By Serdar Yegulalp on 2021-01-03 16:00:00-05:00 No comments
On top of everything else these last couple of weeks, I had to replace my phone. Not the time of my life I wanted to do it in — more on that later, it's a long, long story — but time was nigh whether I liked it or not. Four years is about the outer limit of use for a phone these days — and that's about two more years than the phone makers and the carriers want you to get out of them, so I've beaten the odds nicely there, I think.
I'm not crazy about the latest breed of phones — the long, skinny display means the vast majority of stuff ends up looking weird and narrow on it, or ends up with wasted display space on either side in landscape mode. But the phone I was limping along on (the Samsung Galaxy Note 5) was out of updates, had no external storage, had developed some inexplicable difficulty receiving text messages, and couldn't even hold a charge properly anymore, and so off to the store I went (metaphorically speaking).
The replacement, the Galaxy S20 5G, is okay. I like having room for external storage and I don't really miss the headphone jack, as it comes with USB-C headphones, but I miss the better use of screen real estate on the Note 5. And I couldn't get anything like that on the new phones at a price I could deal with, so I bit my thumb and went with the S20.
It took most of two days to get everything set up, and some of it is still not there yet. E.g., the wallpaper changer doesn't work (why? it was fine on the last phone), and getting the phone to pair with my desktop made me realize my desktop's Bluetooth module was hopelessly archaic, so I've had to ditch that and upgrade it too.
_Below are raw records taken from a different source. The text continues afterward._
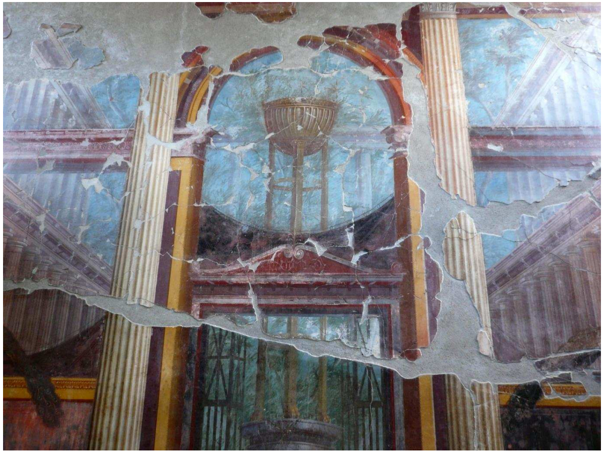
Fig. 9 Wall painting depicting a sanctuary and grove of Apollo in the Villa of Poppaea at Oplontis. Photo author.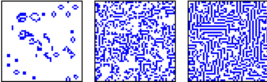
Figure 1: Three snapshots showing evolutions of Life for a random initial configuration : (left) synchronous updating t = 200 , (middle) \alpha -asynchronous updating with \alpha = 0.5 , t = 400 , (right) fully asynchronous updating t = 200 .

behaviour rich enough to embed a universal Turing machine [BCG82]. Now what happens to the system if the cells are no longer updated synchronously at each time step ? There are various methods for defining asynchronous systems and we will here restrict our scope to the two most intuitive ways: (a) we call \alpha -asynchronous updating the procedure which consists in updating a cell with probability \alpha at each time step, otherwise keeping its state constant; (b) we call fully asynchronous updating the procedure where cells are updated sequentially and where the cells to update are chosen randomly and independently without any memory.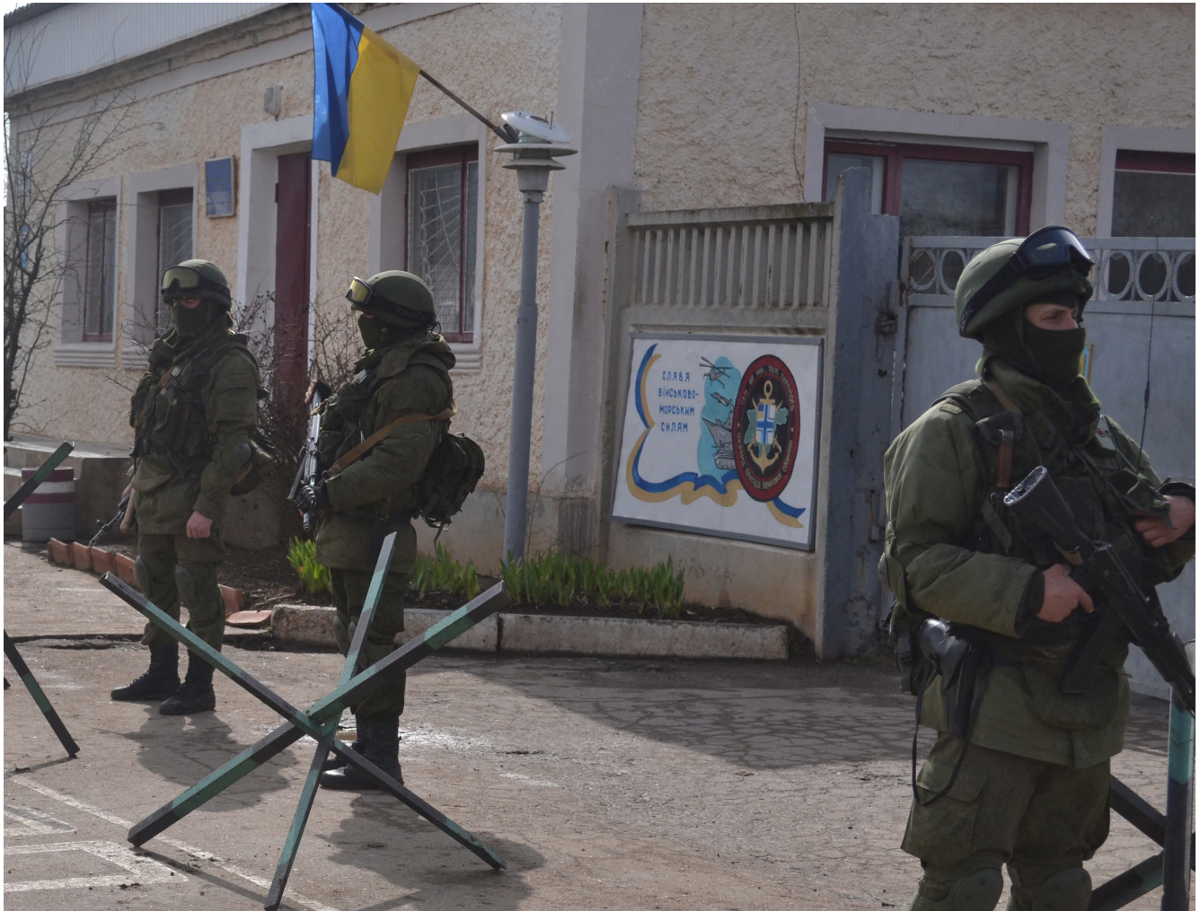
Undeclared Russian soldiers guard a military base in Perevalne, Ukraine. The Ukraine crisis brings additional urgency to the issue of NATO's future in a post-ISAF world.

scene, leaving the transatlantic community with less of a clear memory of what NATO has meant for transatlantic and global peace and security. Indeed, this was one of the key points made by then-Secretary of Defense Robert Gates during his farewell speech in Brussels in 2011.

Were I more of a dyed-in-the-wool techno-philistine (or straight-up Luddite), I'd go with a flip phone and be done with it. But my job and too many of the things in my real life are chained to things only a full-blown smartphone can do. Some people I can only talk to with this app or that one — don't ask why, down that road lies madness — and so I end up with what amounts to ten different ways to talk to people, most of which are tied to proprietary services of various kinds. I've seen the future, and it kinda sucks.